For example if the original bases mask was y101,I8,I8,y101 but the run ended after the first index, then the updated bases mask would be y101,I8,n8,n101.

Generate the fastqs: run make_fastqs specifying the updated sample sheet and bases mask, e.g.:

auto_process.py make_fastqs \
     --sample-sheet=Samplesheet.8bp.csv \
     --use-bases-mask=y101,I8,n8,n101

Skip demultiplexing in `make_fastqs` stage

The demultiplexing can be skipped in one of two ways.

To process each lane without any demultiplexing, edit the sample sheet so that there is only one “sample” defined for each lane, and remove any barcode index sequence.

For example:

FCID,Lane,SampleID,SampleRef,Index,Description,Control,Recipe,Operator,SampleProject
FC1,1,Lane1,,,,,,,AllReads

Then update the bases mask so that the index sequences are either ignored or are collected as part of the reads.

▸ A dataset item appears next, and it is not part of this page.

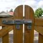 Plus lågebeslag 2436-1 i varmgalvaniseret stål til dobbeltlåge. Beslagene sikrer lang holdbarhed og optimal funktion til havelågen.

For example, if the initial bases mask was y300,I8,I8,y300 then set this to y300,n8,n8,y300 to ignore them (in which case index sequences will be lost) or to e.g. y316,y300 (in which case the last 16 bases of each R1 read will be the index sequence).

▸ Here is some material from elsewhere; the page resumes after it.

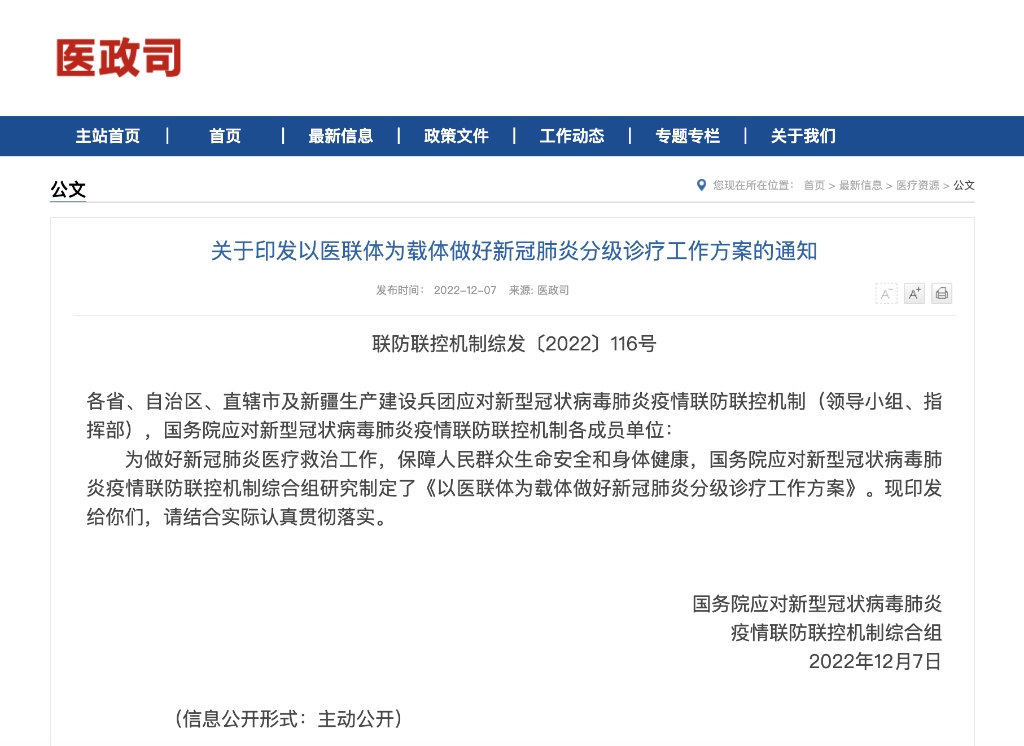 新華社北京12月7日電 為做好新冠肺炎醫(yī)療救治工作,全力保障高齡合并基礎(chǔ)疾病等重癥風(fēng)險(xiǎn)較高的感染者及時(shí)救治,構(gòu)建更加科學(xué)有序的就醫(yī)秩序,國(guó)務(wù)院聯(lián)防聯(lián)控機(jī)制綜合組12月7日發(fā)布《以醫(yī)聯(lián)體為載體做好新冠肺炎分級(jí)診療工作方案》。

Note that in either case, the index sequence will not appear in the header for each read.

Alternatively a pseudo-demultiplexing approach can be used, by specifying a single “sample” in the sample sheet but this time including an appropriate length index sequence which cannot be matched:

FCID,Lane,SampleID,SampleRef,Index,Description,Control,Recipe,Operator,SampleProject
FC1,1,Lane1,,AAAAAAAA-AAAAAAAA,,,,,AllReads

Using this approach should put all the reads into the “undetermined” project; however this way the index sequences should still have been captured in the read headers.

Handling inline barcodes

Warning

Currently this is only implemented for single-ended Fastqs

In this situation the barcode index sequences are part of each read (e.g. the first five bases of the first read), so bcl2fastq’s standard demultiplexing process can’t be used.

In this case the following procedure can be used:

Perform ``bcl`` to ``fastq`` conversion without demultiplexing: put all the reads into a single fastq file by following the approach outlined in Skip demultiplexing in make_fastqs stage to avoid assigning index sequences to each read.
Extract and assign inline barcodes: use the assign_barcodes.py utility to extract the barcode sequences from each read from the Fastq file produced by the previous step and assign these to the read header, for example:
assign_barcodes.py -n 5 all_S1_R1_001.fastq.gz all_barcoded_S1_R1_001.fastq.gz
Split into separate Fastq files by barcode sequence: use the barcode_splitter.py utility to assign reads to individual Fastqs, for example:
barcode_splitter.py -b ATACC -b TCTAG -b GCAGC all_barcoded_S1_R1_001.fastq.gz

Tuning or turning off adapter trimming and masking

Note

This only applies when using bcl2fastq version 2.

By default bcl2fastq version 2 performs adapter trimming and masking on the reads in the output Fastq files, using the adapter sequences that are provided in the input sample sheet file.

The default procedure it uses is:

Reads that contain sequence matching the adapters are trimmed to remove the matching sequence and all subsequent bases;

If a trimmed read is less than 35 bases long, it is padded with N’s to make the length back up to 35 bases (this length can be modified using the --minimum-trimmed-read-length option of make_fastqs);

If there are fewer than 22 non-N bases in the read then the entire read is masked with N’s (this length can be modified using the --mask-short-adapter-reads option of make_fastqs).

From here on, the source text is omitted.